A thief pointed his gun at the wrong family in Popeye’s, and dad fired back, police say
A man trying to rob a San Antonio fast food restaurant at gunpoint on Wednesday was killed by a father licensed to carry a handgun, according to reports.
Police say Andres Herrera, 19, targeted the family of Carlos Molina, 32, in the dining room of a Popeye’s location on the south side of the Texas town, according to KABB-TV, pulling out his gun and demanding money from them.
Molina told Herrera the family had no money, as they had just bought dinner, and asked if Herrera would let them leave the restaurant, according to WOAI. Apparently, Herrera agreed.
As the family rushed out and employees did the same out of a back entrance, according to KSAT, Herrera pointed his gun at two children who happened to be coming out of the restroom.

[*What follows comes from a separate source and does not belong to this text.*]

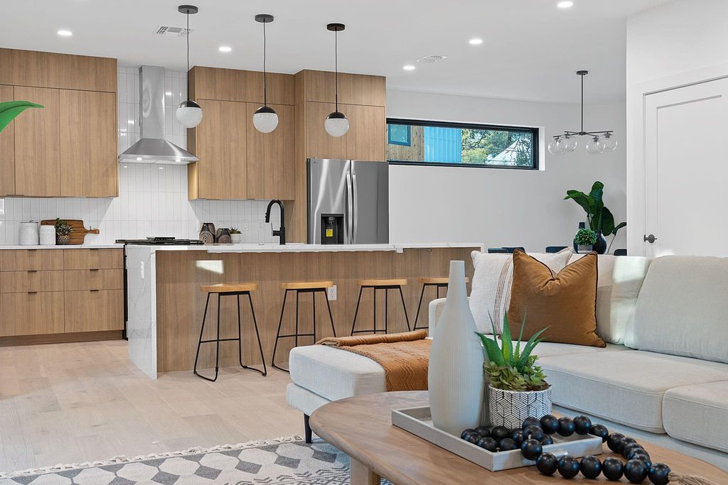DO NOT MISS THE HIDDEN HALF BATH DIRECTLY IN FRONT OF YOU WHEN YOU OPEN THE FRONT DOOR**Free buy down available with preferred lender reducing qualified buyers' rate by 1% for the first and second year. See documents for more information.** Located in the heart of East Austin with Lady Bird Lake directly across the street! Amazing VIEWS of town lake! Easily access Ann & Roy Butler Trail as it is just steps away from your front door. With future views of the"Wishbone" bridge over Lady Bridge Lake - https://www.kut.org/transportation/2024-04-04/ann-and-roy-butler-hike-and-bike-trail-pedestrian-bridge - Brand new construction from a leader in the industry, Forsite Studio, taking aninnovative approach to construct, a healthier, highly efficient, & more durable home - built to last the test of time. Looking to tomorrow - we are dedicated to the evolution of the home building process. We are devoted to deliver you a home inspired by modern architecture. where you can lay your roots in a community rich in character. Stepping inside this beautiful home, you are greeted w/spectacular picture windows - allowing natural light to flow through the spaces, gorgeous hardwood flooring throughout, unique light fixtures, & a neutral color palette. Showcasing an open floor plan - ideal for entertaining. The kitchen features a massive center island topped with Silestone counters, upgraded gas range, & close proximity to the dining area. The private owners' suite on the second story offers private access to a massive balcony and luxurious ensuite - fully tiled walk-in shower. Two secondary bedrooms with access to a full bath. Located on the third story is an oversized flex space, 4th bedroom with full bath, and access to another balcony. Enjoy a massive, completely fenced and private front yard. Plenty of parking space with an attached covered carport for 2 cars. Property is gated with convenient entry access via a FOB

They were the two Molina children who weren’t seated with the family when Herrera confronted them. And that’s when Molina pulled out his gun, according to KENS.
BREAKING: A licensed handgun owner shoots and kills a man who police say attempted to rob a Popeyes on SE Military Dr pic.twitter.com/ekAxeQgKfg
— Ashlei King (@AshleiKing) December 7, 2017
San Antonio police told KABB that Molina shot Herrera several times, killing him, in defense of another.
It’s just the latest example of what gun rights’ advocates call a “good guy with a gun” neutralizing a “bad guy with a gun.”
The National Rifle Association’s Wayne LaPierre coined the slogan in 2012 following the mass shooting at Sandy Hook Elementary School in Newton, Conn., according to Vox: “The only way to stop a bad guy with a gun is with a good guy with a gun.”
Less than 40 miles away from the scene of the Popeye’s shooting was another case in point, the Sutherland Springs church shooting, which left 26 people dead before former NRA instructor Stephen Willeford chased down the shooter, Devin P. Kelley, and shot him twice before he was ultimately killed as well.
President Donald Trump made the “good guy with a gun” argument immediately following the Sutherland Springs shooting. Even before Sutherland Springs, The Washington Times compiled a list of 11 incidents in which armed citizens either disarmed, wounded or killed armed attackers.
But in commentary for NBC News, former Army infantryman and gun owner Charles Clymer called the “good guy with a gun” theory a “myth.”
“I never see a ‘good guy with a gun,’” Clymer said. “I see a human more likely to exacerbate a tragedy than to stop it.”
Vox used numbers to back up Clymer’s position, pointing to a 2012 study that basically says more guns equals more gun deaths. In 2012, the study showed that about 30 people per million died of homicide by firearm in the U.S., while that number was far smaller in places with stricter gun laws like Australia, New Zealand, Germany and Austria.